Every record is to be printed exactly as written; pictures are to be omitted.

━━━━

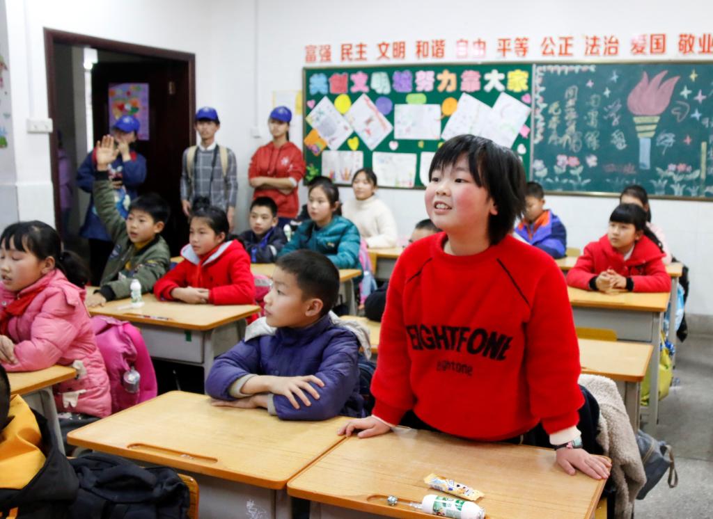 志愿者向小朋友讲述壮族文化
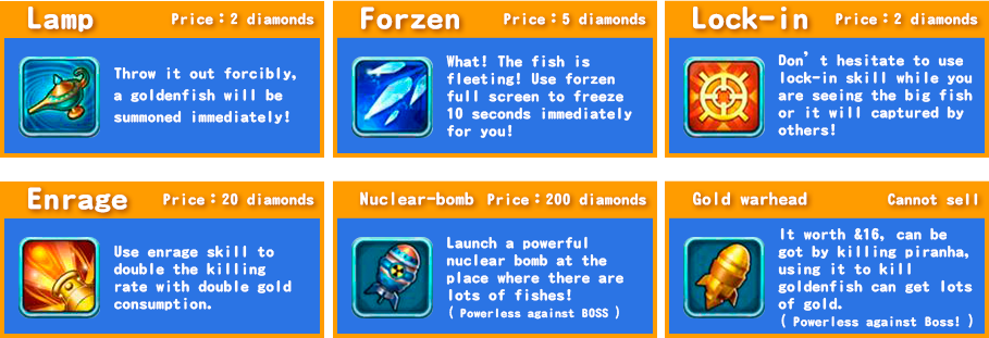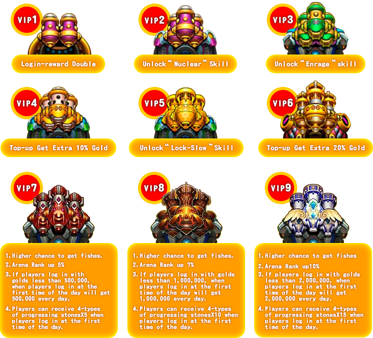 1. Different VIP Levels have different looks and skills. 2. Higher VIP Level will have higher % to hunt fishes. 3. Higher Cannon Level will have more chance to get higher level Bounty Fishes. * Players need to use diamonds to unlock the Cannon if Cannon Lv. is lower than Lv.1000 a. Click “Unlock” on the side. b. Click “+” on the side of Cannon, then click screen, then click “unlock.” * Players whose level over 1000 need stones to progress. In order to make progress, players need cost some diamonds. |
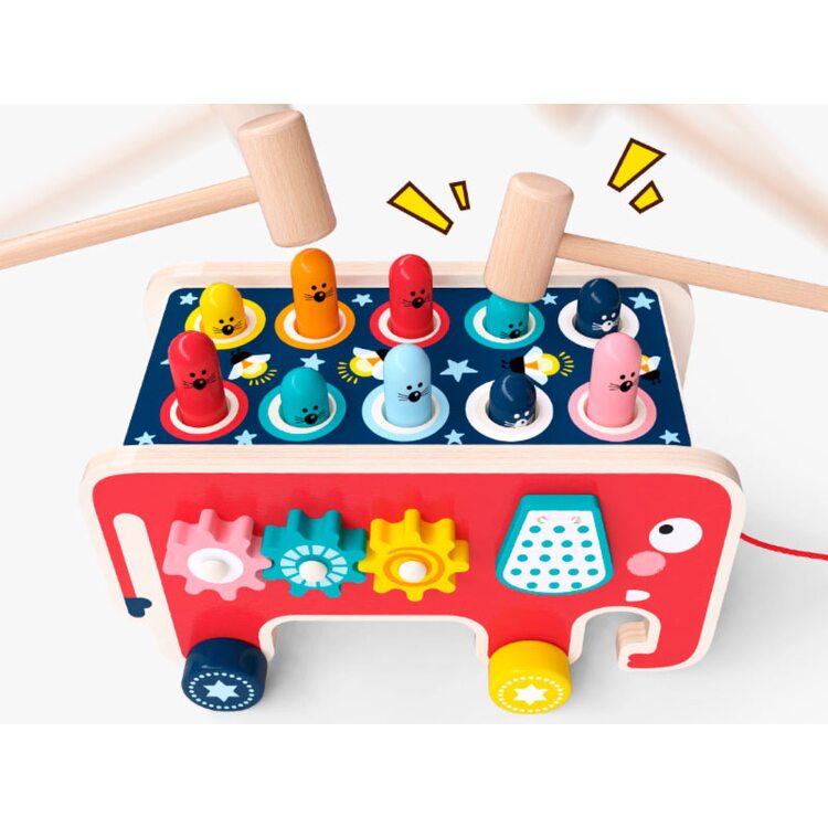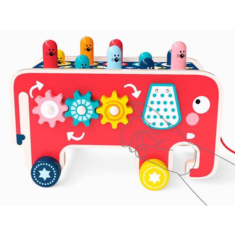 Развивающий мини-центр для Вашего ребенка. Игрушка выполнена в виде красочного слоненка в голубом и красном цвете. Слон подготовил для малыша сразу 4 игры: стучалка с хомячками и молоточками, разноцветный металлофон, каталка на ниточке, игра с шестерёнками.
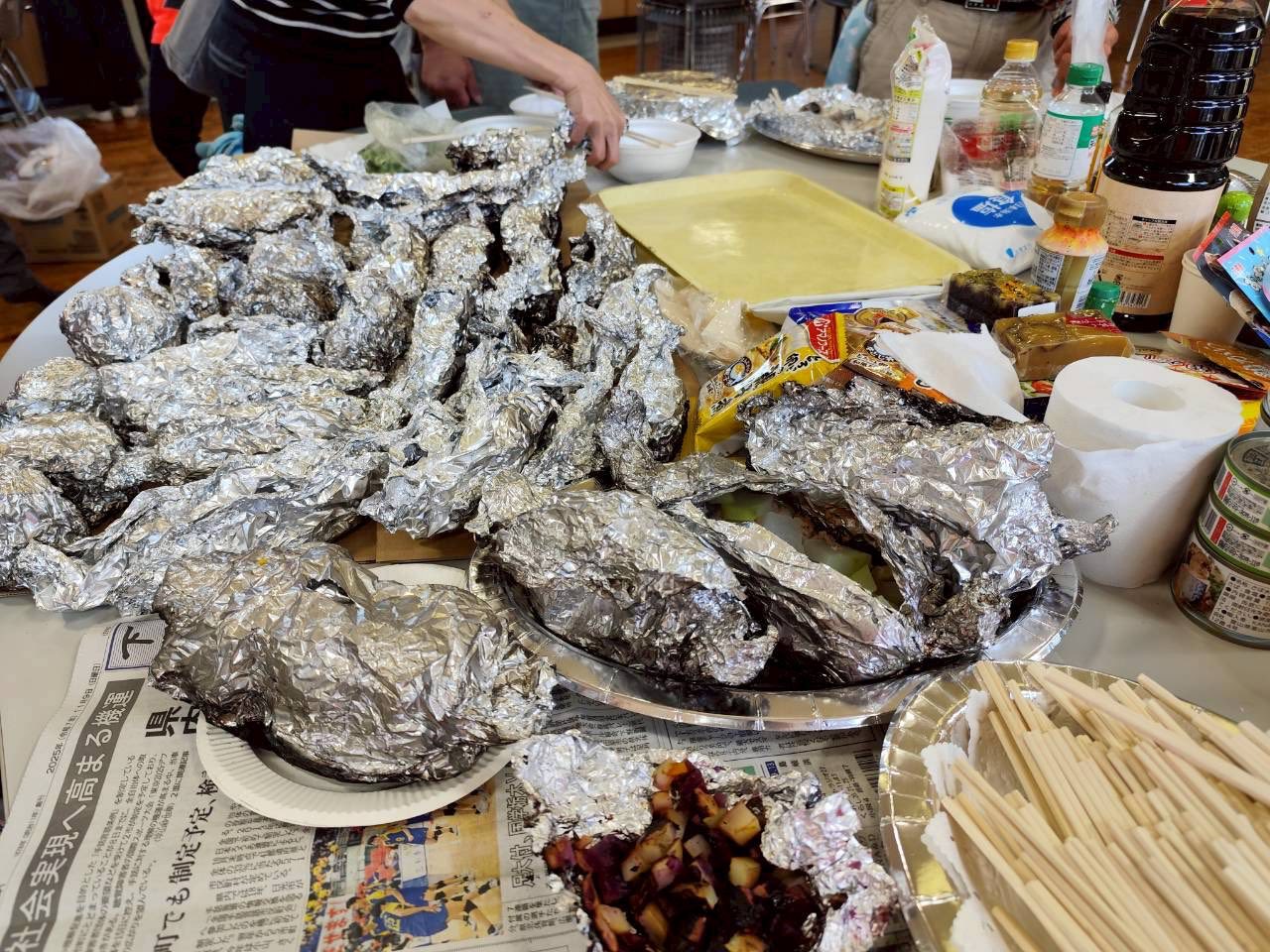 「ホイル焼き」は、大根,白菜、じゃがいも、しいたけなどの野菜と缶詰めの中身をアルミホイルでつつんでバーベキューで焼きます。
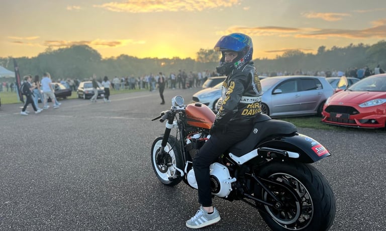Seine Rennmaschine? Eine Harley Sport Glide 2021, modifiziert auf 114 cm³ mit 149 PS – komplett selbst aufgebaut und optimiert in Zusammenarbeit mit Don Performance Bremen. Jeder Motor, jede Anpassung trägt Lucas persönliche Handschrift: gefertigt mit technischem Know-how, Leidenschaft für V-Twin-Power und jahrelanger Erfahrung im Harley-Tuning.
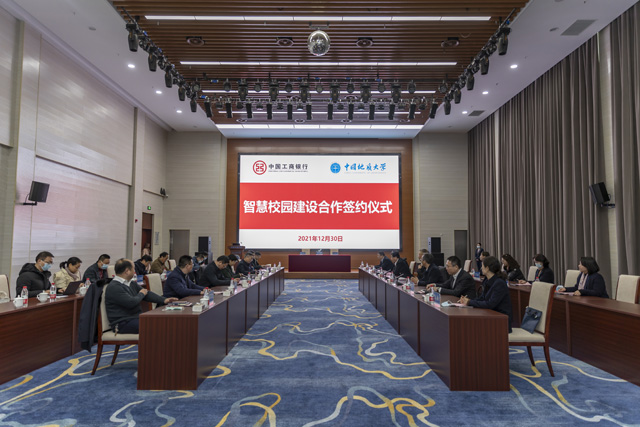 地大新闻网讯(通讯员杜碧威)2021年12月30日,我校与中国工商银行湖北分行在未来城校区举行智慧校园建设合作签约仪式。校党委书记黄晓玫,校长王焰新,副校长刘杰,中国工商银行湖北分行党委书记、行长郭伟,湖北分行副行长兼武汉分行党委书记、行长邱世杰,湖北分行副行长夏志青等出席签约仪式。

━━━━

| Solution to the exercise |
 志愿者向小朋友讲述壮族文化
 1. Different VIP Levels have different looks and skills. 2. Higher VIP Level will have higher % to hunt fishes. 3. Higher Cannon Level will have more chance to get higher level Bounty Fishes. * Players need to use diamonds to unlock the Cannon if Cannon Lv. is lower than Lv.1000 a. Click “Unlock” on the side. b. Click “+” on the side of Cannon, then click screen, then click “unlock.” * Players whose level over 1000 need stones to progress. In order to make progress, players need cost some diamonds. |
 Развивающий мини-центр для Вашего ребенка. Игрушка выполнена в виде красочного слоненка в голубом и красном цвете. Слон подготовил для малыша сразу 4 игры: стучалка с хомячками и молоточками, разноцветный металлофон, каталка на ниточке, игра с шестерёнками.
 「ホイル焼き」は、大根,白菜、じゃがいも、しいたけなどの野菜と缶詰めの中身をアルミホイルでつつんでバーベキューで焼きます。
Seine Rennmaschine? Eine Harley Sport Glide 2021, modifiziert auf 114 cm³ mit 149 PS – komplett selbst aufgebaut und optimiert in Zusammenarbeit mit Don Performance Bremen. Jeder Motor, jede Anpassung trägt Lucas persönliche Handschrift: gefertigt mit technischem Know-how, Leidenschaft für V-Twin-Power und jahrelanger Erfahrung im Harley-Tuning.
 地大新闻网讯(通讯员杜碧威)2021年12月30日,我校与中国工商银行湖北分行在未来城校区举行智慧校园建设合作签约仪式。校党委书记黄晓玫,校长王焰新,副校长刘杰,中国工商银行湖北分行党委书记、行长郭伟,湖北分行副行长兼武汉分行党委书记、行长邱世杰,湖北分行副行长夏志青等出席签约仪式。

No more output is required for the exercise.